Ayat 34, menunjukkan kepada kita adanya suatu tidakan yang terjadi di luar
rencana. Seorang prajurit melihat bahwa Yesus sudah mati, barangkali untuk
menyakinkan kematian-Nya, ia menusukkan tombaknya ke lambung Yesus sehingga
keluarlah air dan darah. Tindakan seorang tentara mematahkan tulang-tulang orang
yang tersalib itu biasa, tetapi tindakan seorang tentara menusukkan tombaknya ke

6
lambung orang yang tersalib itu tidak biasa dan ini bukan merupakan suatu perintah
atasan. Ini tindakan spontan yang didorong oleh pemikiran rasionalnya. Tetapi
tindakan ini justru menggenapi apa yang Allah katakan dalam Zakharia 12:10, “Dan
mereka akan memandang kepada dia yang telah mereka tikam.”
Yohanes dalam ayat 36 berkata, bahwa semua itu terjadi supaya genaplah apa
yang tertulis. Dilihat secara lahiriah, Yesus adalah korban yang tidak berdaya, mati
tanpa kuasa. Dalam diam, Dia membuktikan diri-Nya. Dalam diam, Dia menjalani
rencana-Nya. Dalam diam, Ia mengendalikan setiap situasi di sekitar-Nya.

Aplikasi
Seringkali dalam persoalan hidup yang berat dan buntu, kita kehilangan iman untuk
percaya bahwa Allah bukan hanya masih bekerja tetapi tetap memegang kendali
setiap situasi. Kita tidak mampu percaya bahwa burung kecil di udara tetap hidup
karena tangan Tuhan yang kuat masih menopang dan mengendalikan hidupnya.
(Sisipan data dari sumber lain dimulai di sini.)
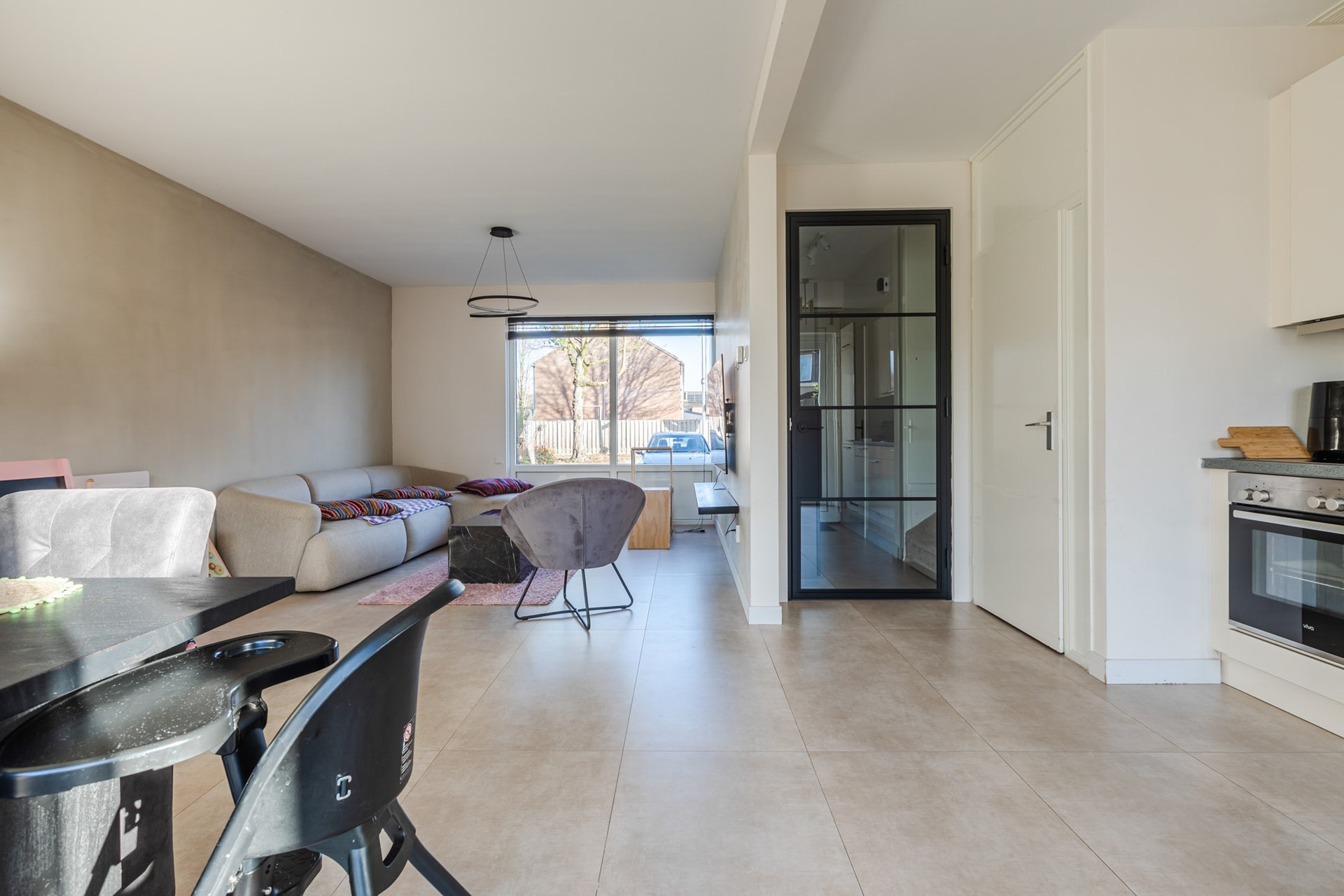 Daarna stap je de lichte woonkamer in. De grote ramen aan de voorzijde zorgen voor veel daglicht. De vloer is afgewerkt met grote, neutrale vloertegels die doorlopen richting keuken: praktisch, strak en onderhoudsvriendelijk. De wanden zijn glad gestuukt in rustige tinten, waardoor elke woonstijl hier goed tot zijn recht komt. Je hoeft alleen nog je eigen meubels neer te zetten.

Saudara, kita perlu kembali melihat Alkitab dan mempercayainya bahwa Allah tidak
pernah kehilangan kendali, juga atas hidup kita. Ia memegang hidup Saudara dan
saya, Ia berkuasa atas masa depan Saudara dan saya. Meskipun kita tidak tahu hari
esok kita, tapi yang kita tahu bahwa hari esok kita itu dipegang oleh tangan Allah
yang maha kuat, karena itu percayalah dan tenanglah.